Work required:
Take nothing but the lines from the one with "Dena | Berry" through the one with "Lislee; County of" in the entries below, both ends kept, and return them exactly with pictures left out.
───── Available records ─────
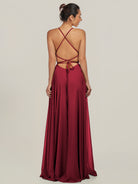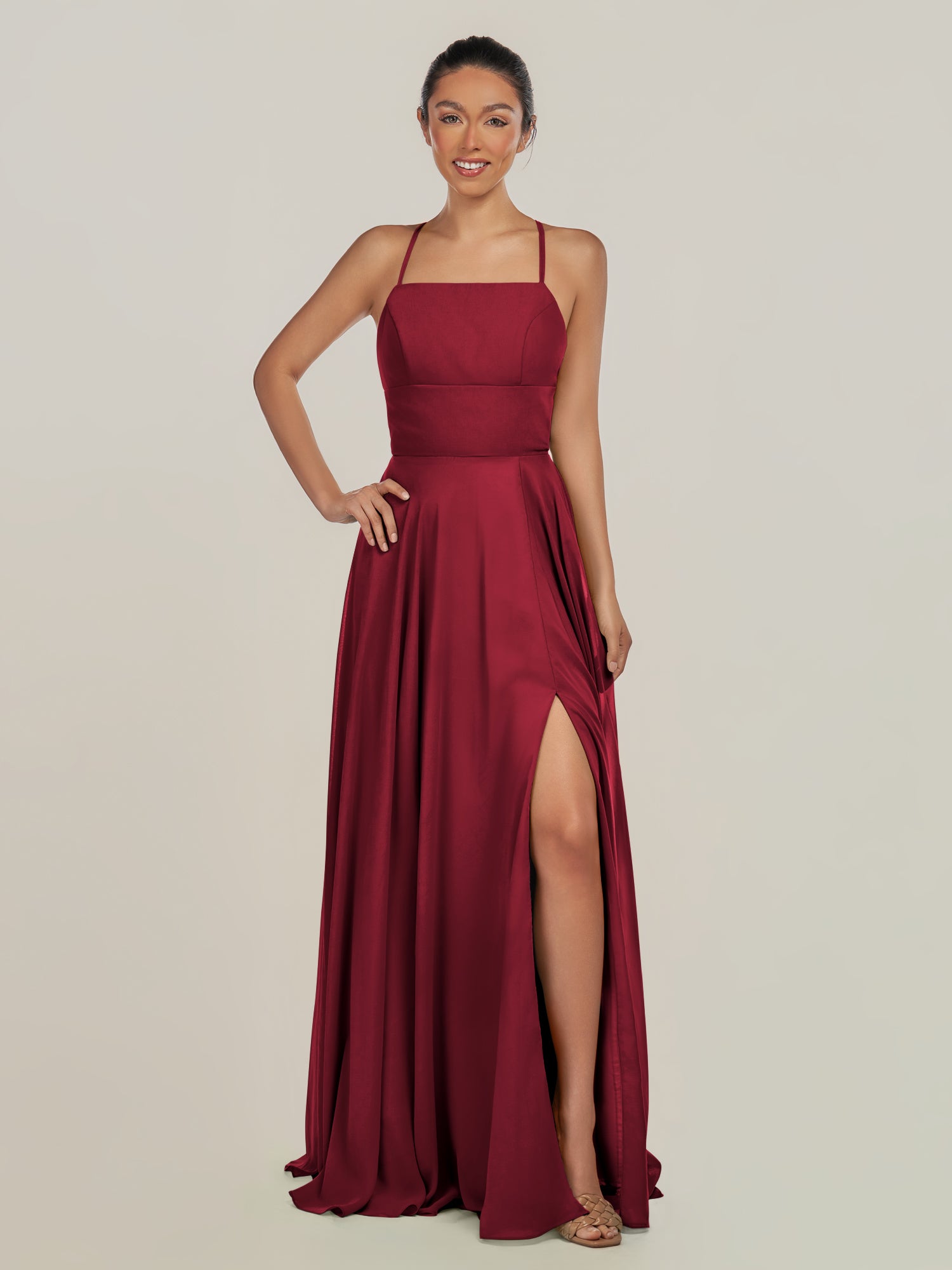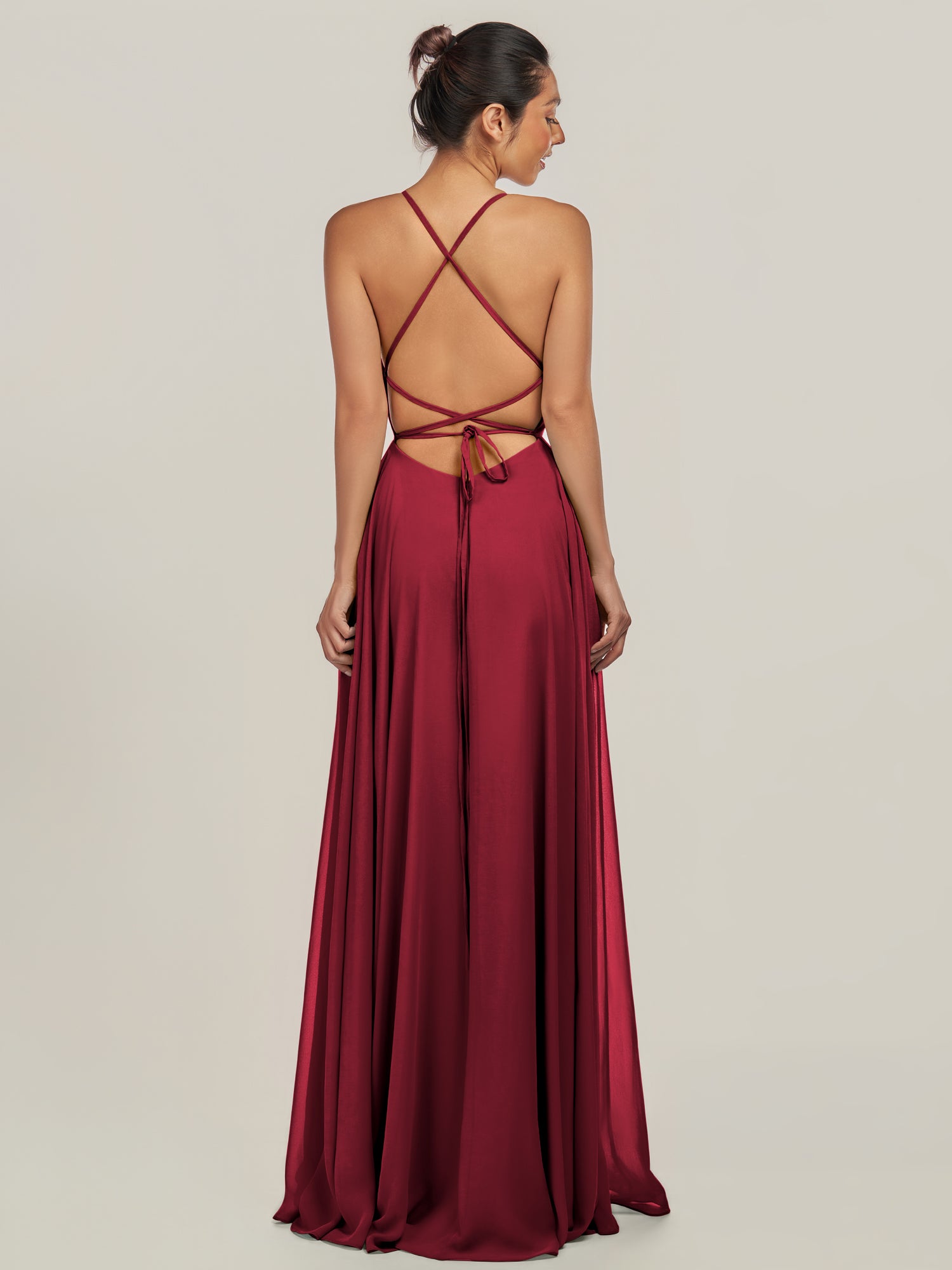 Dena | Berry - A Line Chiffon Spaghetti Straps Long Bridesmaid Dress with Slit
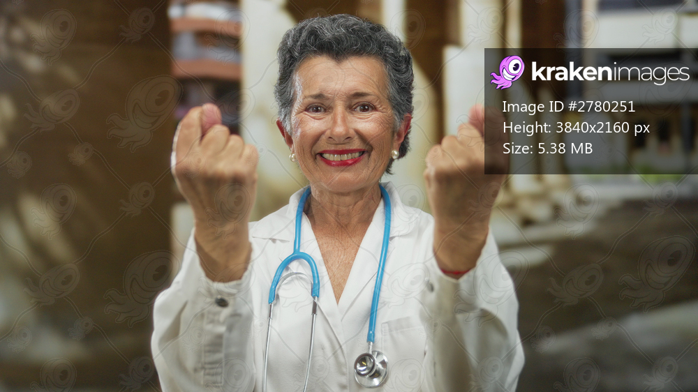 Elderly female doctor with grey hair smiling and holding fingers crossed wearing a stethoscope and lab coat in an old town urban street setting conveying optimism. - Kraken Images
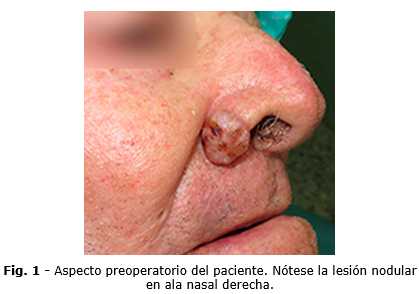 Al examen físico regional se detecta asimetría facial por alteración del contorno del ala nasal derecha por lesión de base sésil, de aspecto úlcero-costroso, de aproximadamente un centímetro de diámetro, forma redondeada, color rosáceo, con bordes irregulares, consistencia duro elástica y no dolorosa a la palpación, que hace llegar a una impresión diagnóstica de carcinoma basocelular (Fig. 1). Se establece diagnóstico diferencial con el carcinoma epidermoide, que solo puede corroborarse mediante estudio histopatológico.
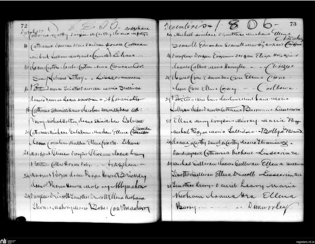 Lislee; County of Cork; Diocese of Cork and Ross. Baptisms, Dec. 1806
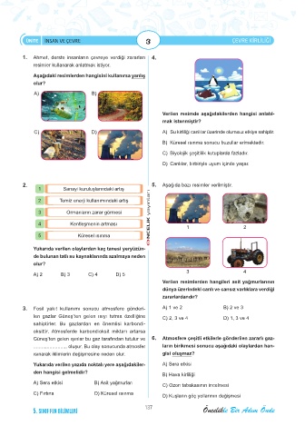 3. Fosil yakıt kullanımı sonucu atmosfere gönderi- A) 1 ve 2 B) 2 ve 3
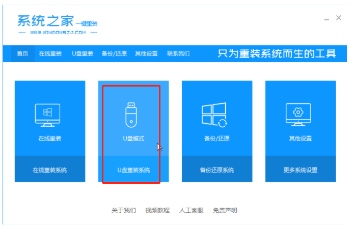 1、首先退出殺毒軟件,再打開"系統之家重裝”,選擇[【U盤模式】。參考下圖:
─────
───── Available records ─────
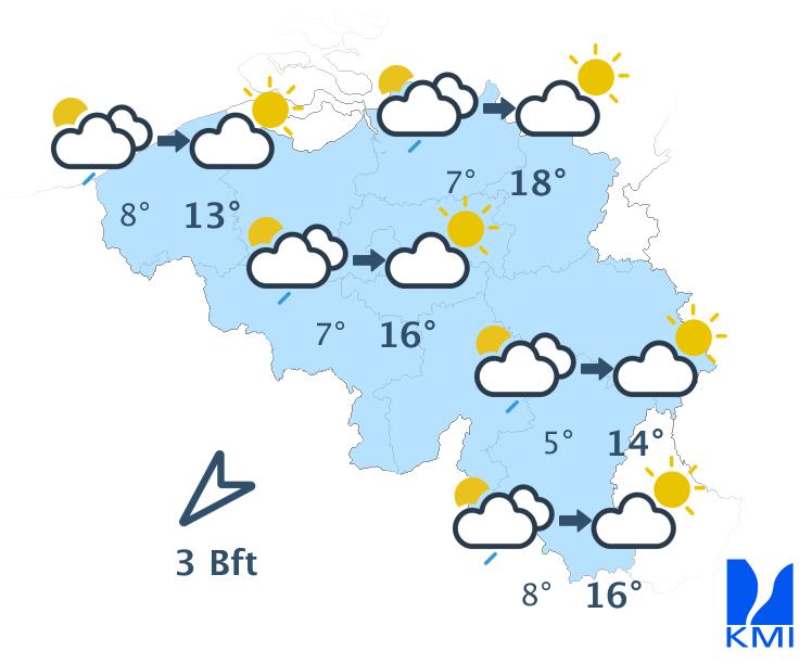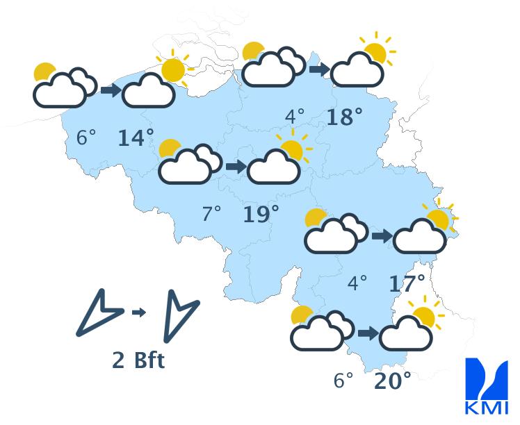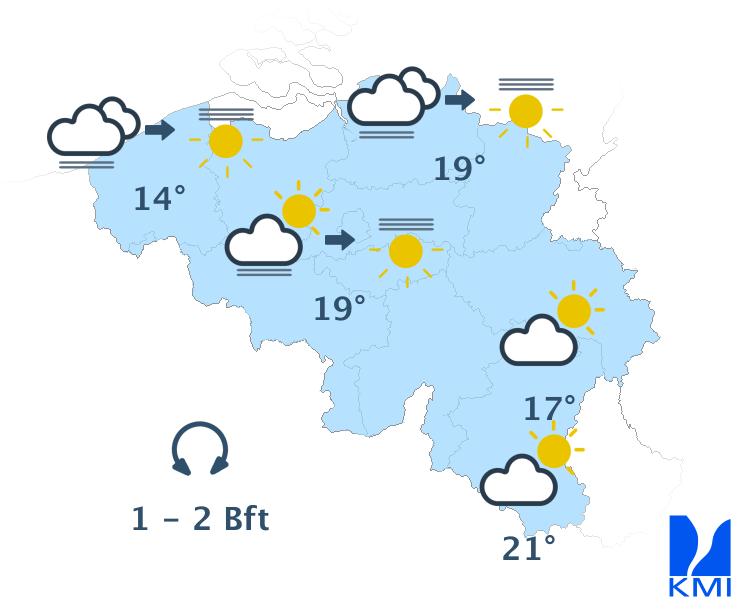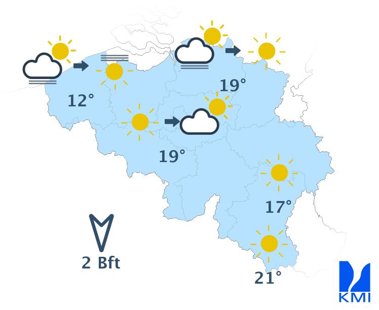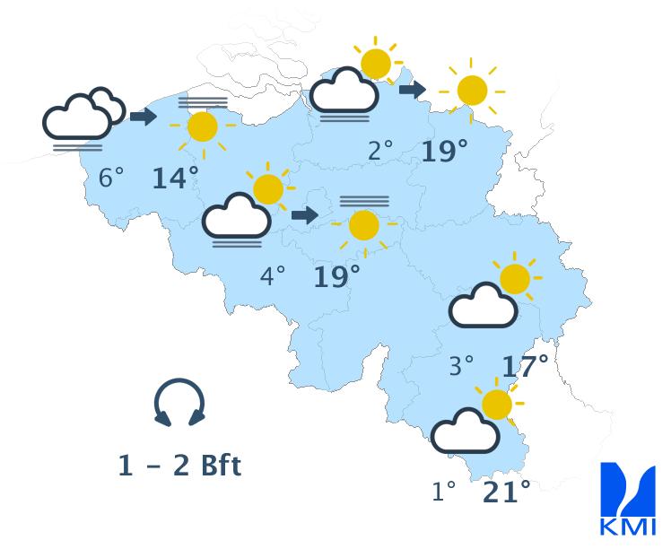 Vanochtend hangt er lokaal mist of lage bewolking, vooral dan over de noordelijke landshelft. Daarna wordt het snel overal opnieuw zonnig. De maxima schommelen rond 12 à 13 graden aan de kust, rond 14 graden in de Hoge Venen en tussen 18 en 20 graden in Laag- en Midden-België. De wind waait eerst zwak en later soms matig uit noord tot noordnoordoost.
─────
Reply:
 Dena | Berry - A Line Chiffon Spaghetti Straps Long Bridesmaid Dress with Slit
 Elderly female doctor with grey hair smiling and holding fingers crossed wearing a stethoscope and lab coat in an old town urban street setting conveying optimism. - Kraken Images
 Al examen físico regional se detecta asimetría facial por alteración del contorno del ala nasal derecha por lesión de base sésil, de aspecto úlcero-costroso, de aproximadamente un centímetro de diámetro, forma redondeada, color rosáceo, con bordes irregulares, consistencia duro elástica y no dolorosa a la palpación, que hace llegar a una impresión diagnóstica de carcinoma basocelular (Fig. 1). Se establece diagnóstico diferencial con el carcinoma epidermoide, que solo puede corroborarse mediante estudio histopatológico.
 Lislee; County of Cork; Diocese of Cork and Ross. Baptisms, Dec. 1806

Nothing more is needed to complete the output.